I was always positively struck by the manner in which Joseph Ratzinger--both as Cardinal and Pope==would deliberately refer to "Lutherans and Protestants"....not "Lutherans and other Protestants". He recognizes that there are significant differences.

Looking forward to continuing this dialog!

Then a further problem, perhaps the main one, is finding a consistent Lutheran perspective throughout. I would venture to say there isn't one.

There are, as in Anglicanism, "High Church" Lutherans that I know who, for example, understand the Eucharist in a very similar, if not completely identical, way as Catholics do. They also directly invoke the Saints in prayer etc. I don't know how Lutheranism is structured internally that one has these kind of wide varieties of Lutheran faith and practice, but one does.

The Augustana Catholic Church is a small Lutheran breakaway that is completely Roman Catholic but that adheres to, as they say, "cultural Lutheranism" such as the use of Luther's Rose and the use of all red candles in the Advent wreath and other such minor, insignificant matters.

The Lutheran-Roman Catholic Dialogue papers contain very detailed theological points of existing union and real differences on the score of Eucharistic theology, including the debate around consubstantiation and what it means to Lutherans (although that assumes there is a unified consensus among Lutherans on this and other points of faith and I don't know there is)>

I recently came across that there are churches in Germany that are shared by both Catholics and Lutherans and that, in some cases, this sharing has gone on since the Reformation!

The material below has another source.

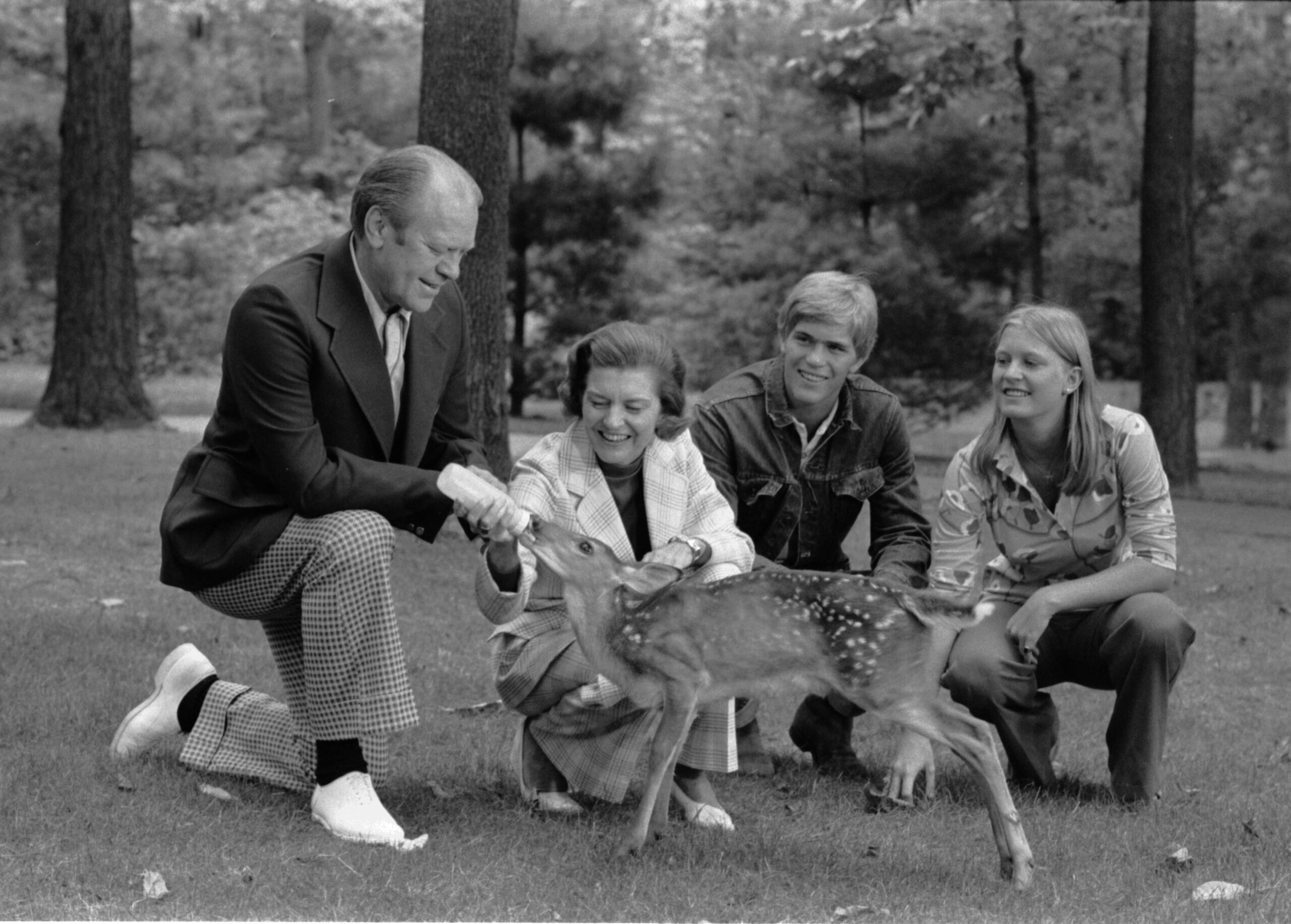 President Gerald R. Ford, First Lady Betty Ford, Steve Ford, and Susan Ford Feeding “Flag” the Deer at Camp David

That was totally new to me and I was wondering if anyone might be able to comment further on that.
You are quite correct to recognize that there are "broad spectrums" of both practice and theology within the Lutheran and Anglican realms.

For example: Most Lutherans are catechized to believe that Baptism and Eucharist are the only Sacraments. But there is a minority stream (represented in part by Professors Eric Gritsch and Robert Jensen, both of Blessed Memory) who hold that Confession/Penance is the third Sacrament and that , according to the Apology to the Augsburg Confession, Ordination might be viewed as a Sacrament because it makes the others possible. So there were a few of us (growing fewer all the time due to attrition to Rome and Byzantium) who taught and confessed that there were at least "three and one-half" Sacraments.
Bless, Father Deacon Thomas,

I remember reading how Dr Martin Luther, during a debate with Roman Catholics, referred to the Eastern Church as the "Better Half" of Christendom . . .

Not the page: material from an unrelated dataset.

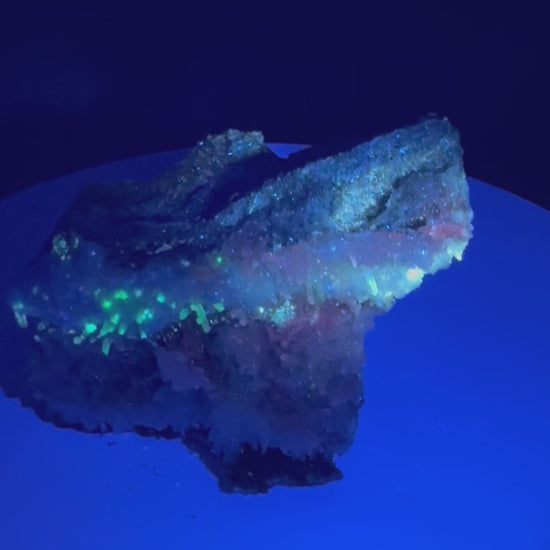 Discover the captivating beauty of this UV reactive, multi-colored Grateful Dead Calcite from the renowned La Ojuela mine in Mapimi, Durango, Mexico. Weighing 207 grams, this unique specimen glows vibrantly under UV light, showcasing a stunning array of colors that make it a remarkable addition to any collection. Perfect for mineral enthusiasts and collectors seeking a rare and visually striking piece, this calcite combines natural artistry with fascinating luminescent properties. Elevate your collection with this extraordinary treasure from one of Mexico’s most famous mineral sites.

It is to be wondered if he had had a more intimate grounding in the Fathers of the East how that might have shaped his views and subsequent Reformation . . .?

Orthodox theologians in the 19th century saw, as did Luther, in the person of Jan Hus (venerated, as you know, by Lutherans) a person whose movement was essentially hearkening back to the earlier Orthodox period of his immediate milieu, Christianized, as it was, by the disciples of Sts Cyril and Methodios. They saw the same in the person of the Dominican reformer, Girolamo Savonarola, one of whose disciples became Orthodox and later a saint, St Maximos the Greek (and that of the Old Rite too). The Orthodox Akathist to St Maximos the Greek does refer to Savonarola as "Blessed Jerome."

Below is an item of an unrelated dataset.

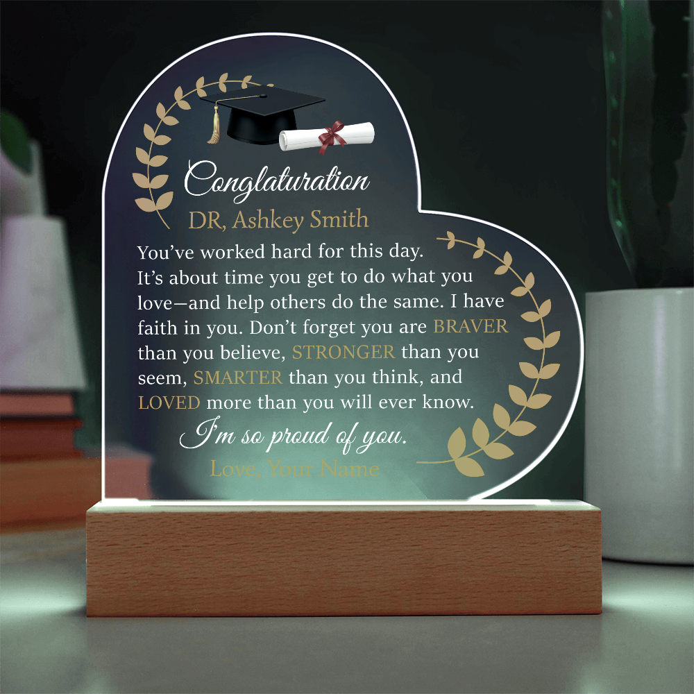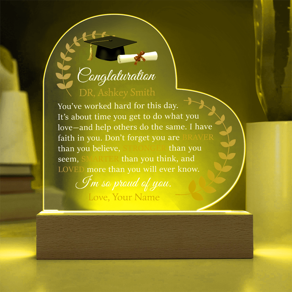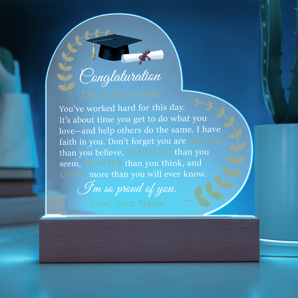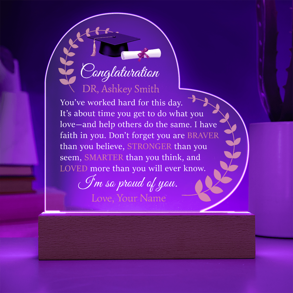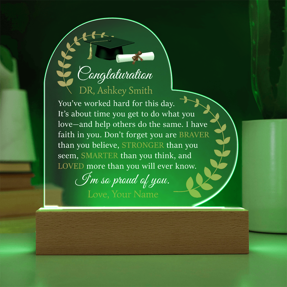 Your plaque will be crafted from premium acrylic with a professionally printed design for a polished look. It comes with a stylish wooden LED base, and you can choose between a USB plug-in option OR a cordless battery-operated option (requires 2 AAA batteries, not included). Both LED bases feature 7 vibrant colors, allowing the user to customize the lighting with various color changes and dynamic cycles.

The Orthodox Church of the Czech and Slovak lands has been promoting the canonization of Hus and his companion, Jerome of Prague, as Orthodox martyrs - they have a written icon of them along with the full Orthodox liturgical services to them.

I one wrote an akathist to Jan Hus, primarily for Hussite converts to Orthodoxy who continued to privately venerate Hus. Some German Lutheran pastors have since adopted parts of it and set it to music, as the Czech Orthodox Church intends to do (although I've not been following how that ended up).

Luther was known to "canonize" individuals he esteemed. He referred to Jan Hus as "my saint" and also to the Scottish Lutheran martyr Robert Barnes as "St Robert Barnes."